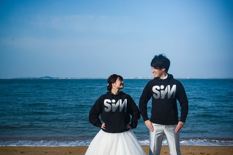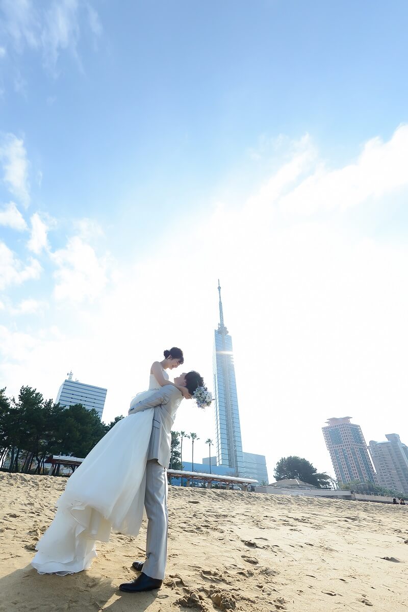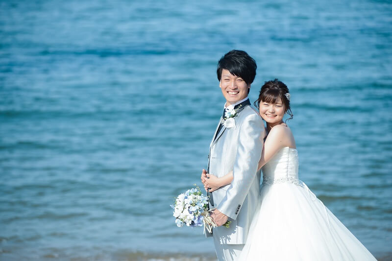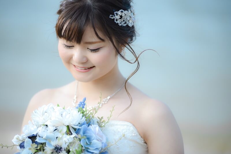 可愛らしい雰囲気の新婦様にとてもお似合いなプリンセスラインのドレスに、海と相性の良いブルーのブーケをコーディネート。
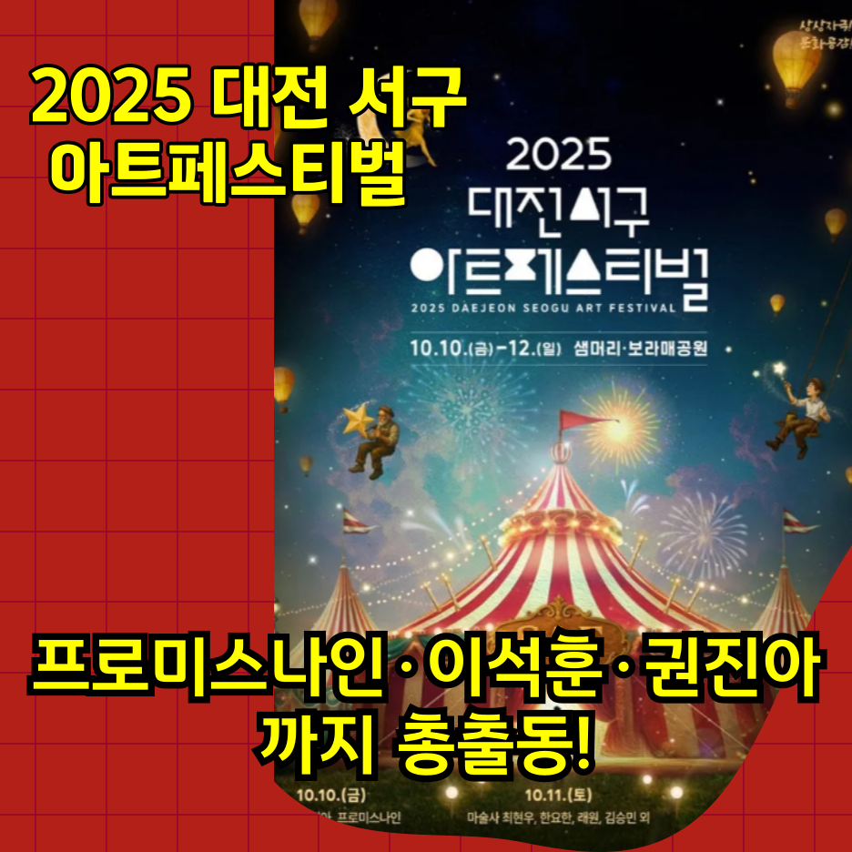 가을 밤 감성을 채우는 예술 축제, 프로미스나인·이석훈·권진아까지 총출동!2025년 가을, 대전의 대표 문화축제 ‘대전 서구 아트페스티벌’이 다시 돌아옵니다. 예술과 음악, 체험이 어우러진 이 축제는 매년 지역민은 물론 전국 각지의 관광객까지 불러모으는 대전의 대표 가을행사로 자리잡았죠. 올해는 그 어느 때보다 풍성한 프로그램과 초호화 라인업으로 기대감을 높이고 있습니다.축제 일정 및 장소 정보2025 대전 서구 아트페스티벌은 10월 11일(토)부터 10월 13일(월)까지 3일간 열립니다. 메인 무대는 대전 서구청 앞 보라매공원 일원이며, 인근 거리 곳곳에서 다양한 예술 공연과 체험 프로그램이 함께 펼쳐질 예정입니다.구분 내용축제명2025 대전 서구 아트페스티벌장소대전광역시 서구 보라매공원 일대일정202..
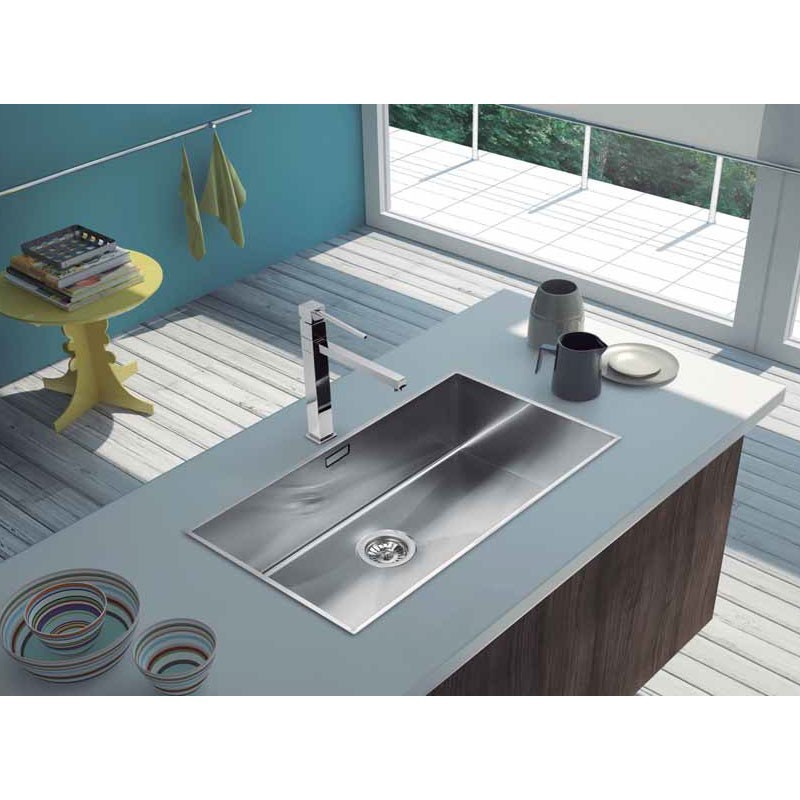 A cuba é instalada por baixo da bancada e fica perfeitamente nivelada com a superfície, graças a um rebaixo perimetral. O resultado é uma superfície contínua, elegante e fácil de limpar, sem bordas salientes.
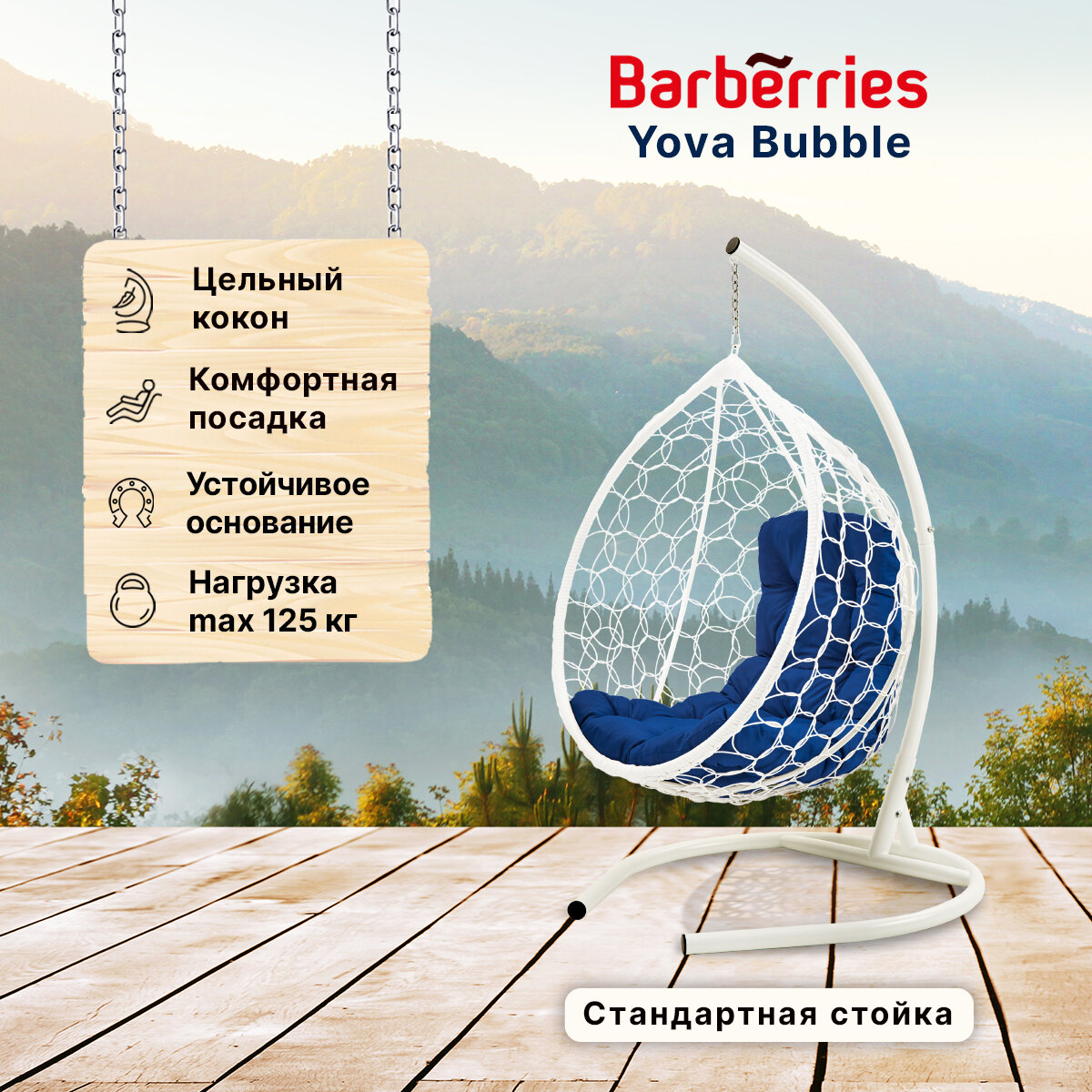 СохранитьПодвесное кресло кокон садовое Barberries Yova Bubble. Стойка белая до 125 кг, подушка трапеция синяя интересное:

================================

The task
For this answer, retype the lines from the start of the listing through the line that holds "가을 밤 감성을 채우는", inclusive, exactly and without pictures.

Answer below
 可愛らしい雰囲気の新婦様にとてもお似合いなプリンセスラインのドレスに、海と相性の良いブルーのブーケをコーディネート。
 가을 밤 감성을 채우는 예술 축제, 프로미스나인·이석훈·권진아까지 총출동!2025년 가을, 대전의 대표 문화축제 ‘대전 서구 아트페스티벌’이 다시 돌아옵니다. 예술과 음악, 체험이 어우러진 이 축제는 매년 지역민은 물론 전국 각지의 관광객까지 불러모으는 대전의 대표 가을행사로 자리잡았죠. 올해는 그 어느 때보다 풍성한 프로그램과 초호화 라인업으로 기대감을 높이고 있습니다.축제 일정 및 장소 정보2025 대전 서구 아트페스티벌은 10월 11일(토)부터 10월 13일(월)까지 3일간 열립니다. 메인 무대는 대전 서구청 앞 보라매공원 일원이며, 인근 거리 곳곳에서 다양한 예술 공연과 체험 프로그램이 함께 펼쳐질 예정입니다.구분 내용축제명2025 대전 서구 아트페스티벌장소대전광역시 서구 보라매공원 일대일정202..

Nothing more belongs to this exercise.